Riyadh: OPEC members could increase their production to meet 2011 demand which could rise by two percent, while oil prices are expected to maintain last year’s levels, Saudi’s oil minister said on Monday.
As non-OPEC oil producers are expected to increase their production, OPEC countries too will have the opportunity “to boost their supplies to the global market to meet the rising global demand,” said Petroleum and Mineral Resources Minister Ali al-Naimi.
“I expect prices to remain at the same level as last year,” said Naimi, who speculated a “two percent” increase in demand this year.
Speaking at the Annual Global Competitiveness Forum in Riyadh, the oil chief of OPEC’s largest producer said he was “optimistic about the situation of the oil market this year” and expected it to experience “a balance between supply and demand.”
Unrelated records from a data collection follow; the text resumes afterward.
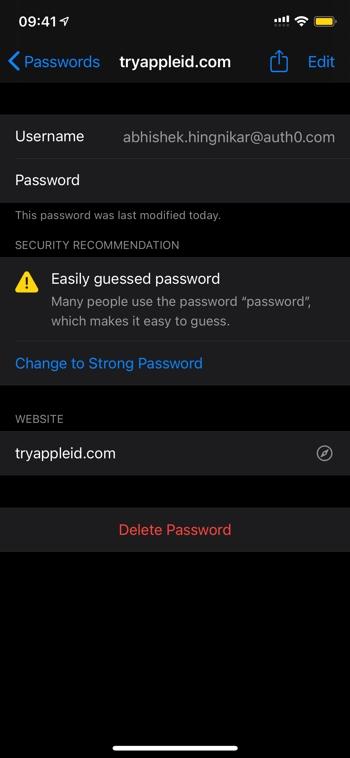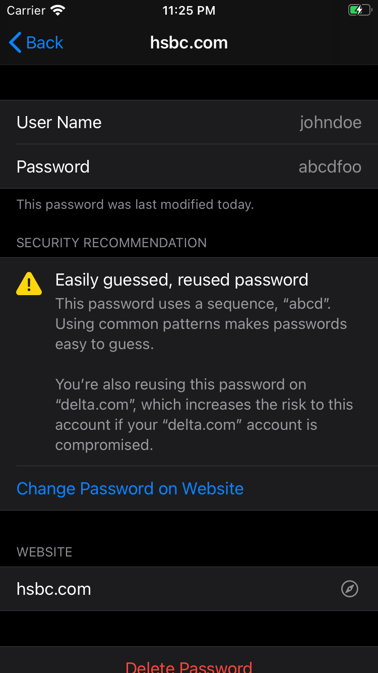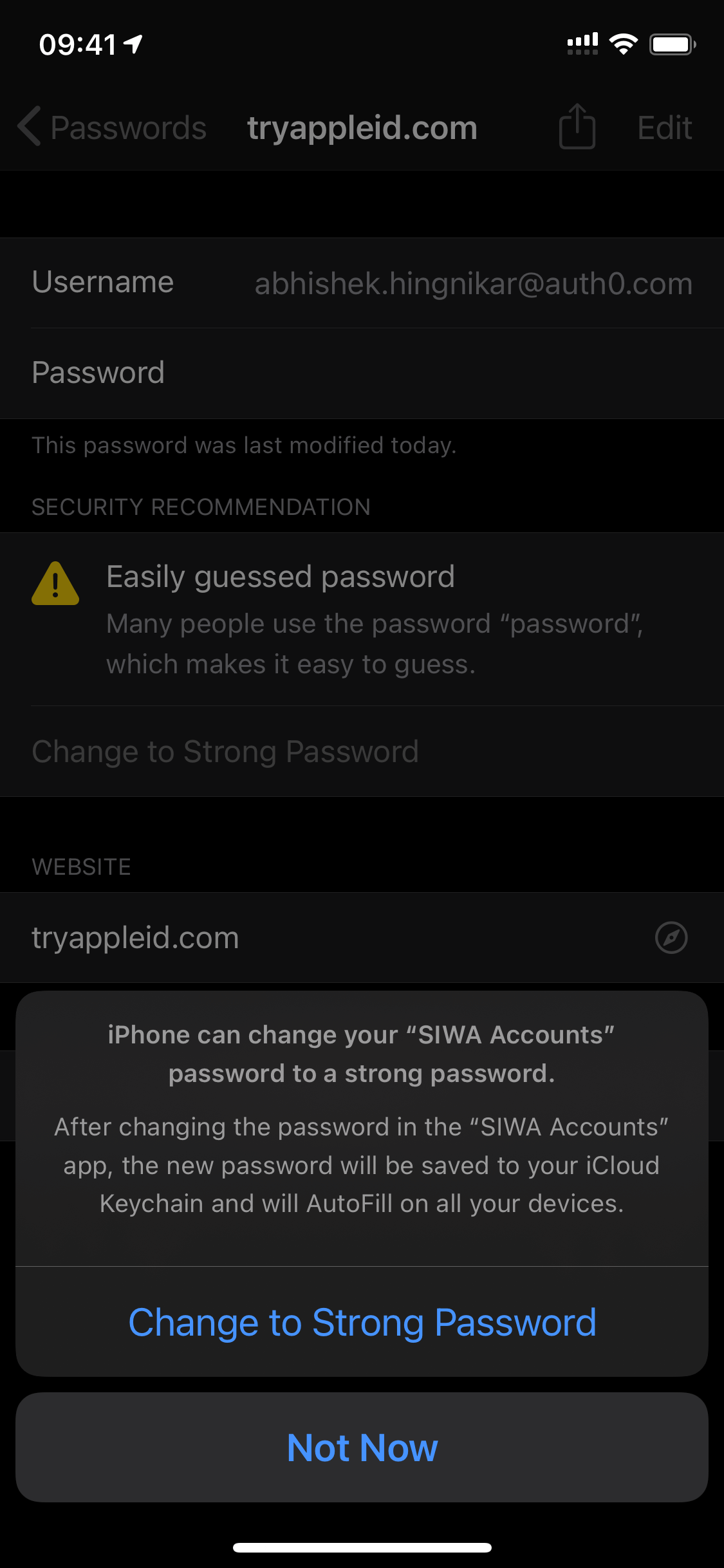 - iOS will generate a strong password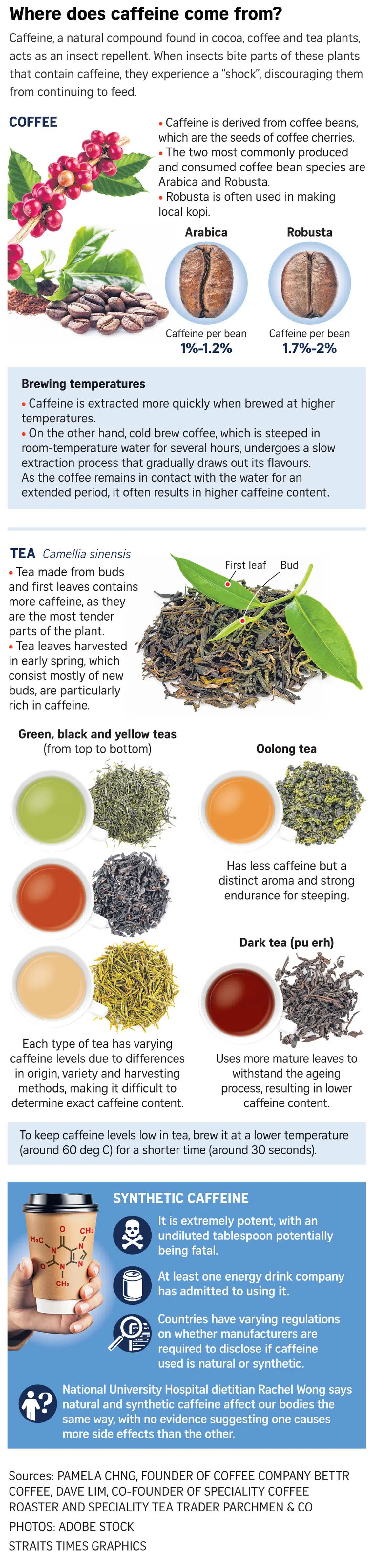 Ms Wong points out that caffeine content in coffee and tea can vary depending on how they are prepared. Bubble tea, which uses tea as its base, also contains caffeine but not as much as coffee. Nonetheless, the addition of ingredients such as pearls, syrup and sugar poses other health risks.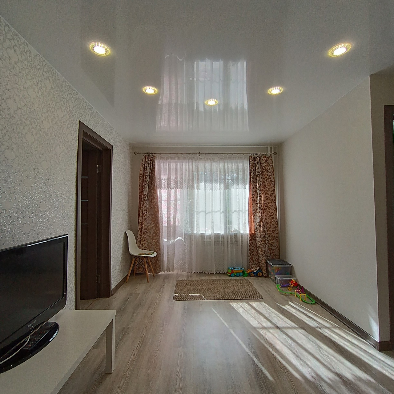 Окна стеклопакеты, полы ламинат, натяжные потолки по всей квартире, отличная качественная входная дверь, санузел в современном кафеле, сантехника в отличном состоянии, акриловая ванна.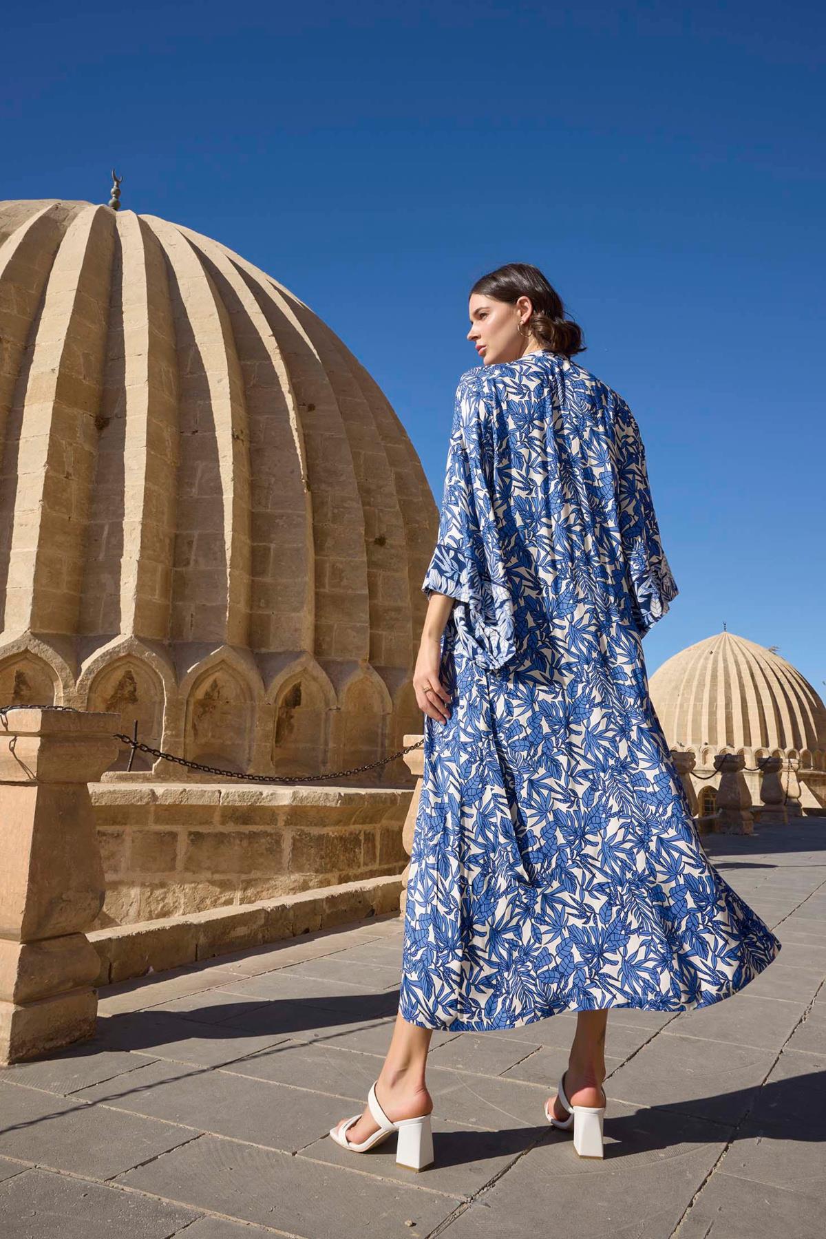 Sabahlık: Beyaz zemin üzerine yaprak desenlidir, 3/4 kolludur, dokuma kumaştır. Gecelik: Lacivert renklidir, derin V yaka dekoltelidir, ip askılıdır, yakası dantellidir, dokuma kumaştır.

The International Energy Agency (IEA), the energy policy and monitoring arm of the 34-member Organisation for Economic Cooperation and Development, said on January 18 that growth in oil demand in 2010 was at one of the strongest rates in three decades, albeit from a low crisis level.
Oil demand grew by 3.2 percent, an increase of 2.7 million barrels per day (mbd) year-on-year to 87.7 mbd, it said.
In its latest Oil Market Report on Tuesday, the IEA warned that oil prices near $100 a barrel pose a real risk to the world economy.
Oil prices of $100 a barrel represent an “oil burden” of five percent of gross domestic product on the global economy, the IEA calculated, and said such levels in the past “have clearly been associated with economic problems.”